Case Report: When inotropy backfires—dobutamine-associated eosinophilic myocarditis - Summary - DentalSpire

Case Report: When inotropy backfires—dobutamine-associated eosinophilic myocarditis

  • By

  • Abdullah Aljudaibi

  • Kristi Dutta

  • Sahitya Allam

  • Jose-Alejandro Almario

  • Lo Tamburro

  • Lynn Dees

  • Erik Sorensen

  • Bartley P. Griffith

  • Gautam Ramani

  • Manjula Ananthram

  • April 30, 2026

  • 0 min

Share

Objective:

To report a case of eosinophilic myocarditis induced by dobutamine in a patient with cardiogenic shock, highlighting its clinical significance.

Key Findings:
  • Eosinophilic myocarditis can occur as a hypersensitivity reaction to dobutamine.
  • The patient required left ventricular assist device implantation due to refractory cardiogenic shock.
  • Corticosteroid therapy improved hemodynamics after discontinuation of dobutamine.
  • The patient's progression to left ventricular assist device implantation underscores the severity of the condition.
Interpretation:

Clinicians should consider drug-induced eosinophilic myocarditis in patients with refractory cardiogenic shock receiving dobutamine, as alternative inotropic agents may be safer.
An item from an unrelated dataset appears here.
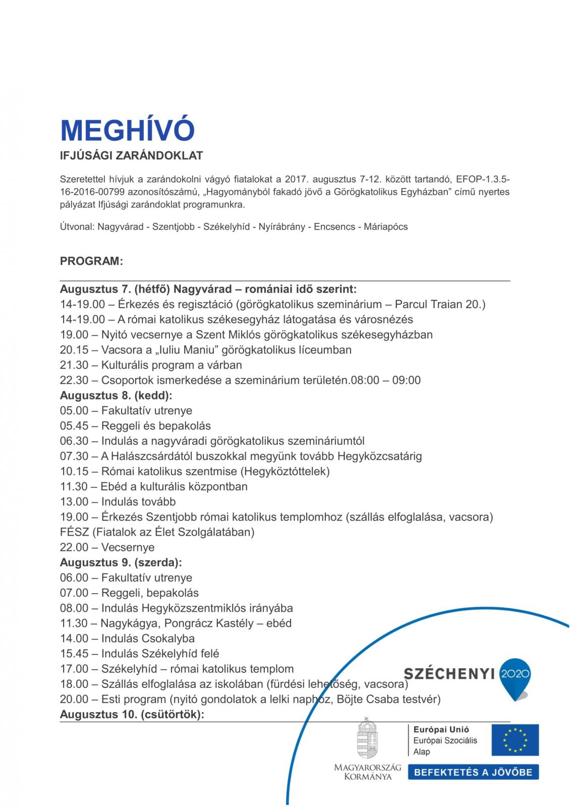 Szeretettel hívjuk a zarándokolni vágyó fiatalokat a 2017. augusztus 7-12. között tartandó Ifjúsági zarándoklat programunkra. Részletek a meghívóban.

Monitoring eosinophil levels is crucial.

Limitations:
  • The case is based on a single patient experience, limiting generalizability.
  • Potential confounding factors in the patient's medical history may complicate the interpretation of causality.
  • Lack of long-term follow-up data limits understanding of outcomes.
Conclusion:

This case highlights the need for awareness of eosinophilic myocarditis as a potential adverse effect of dobutamine, advocating for careful monitoring and consideration of alternative therapies. Further research on drug-induced eosinophilic myocarditis is warranted.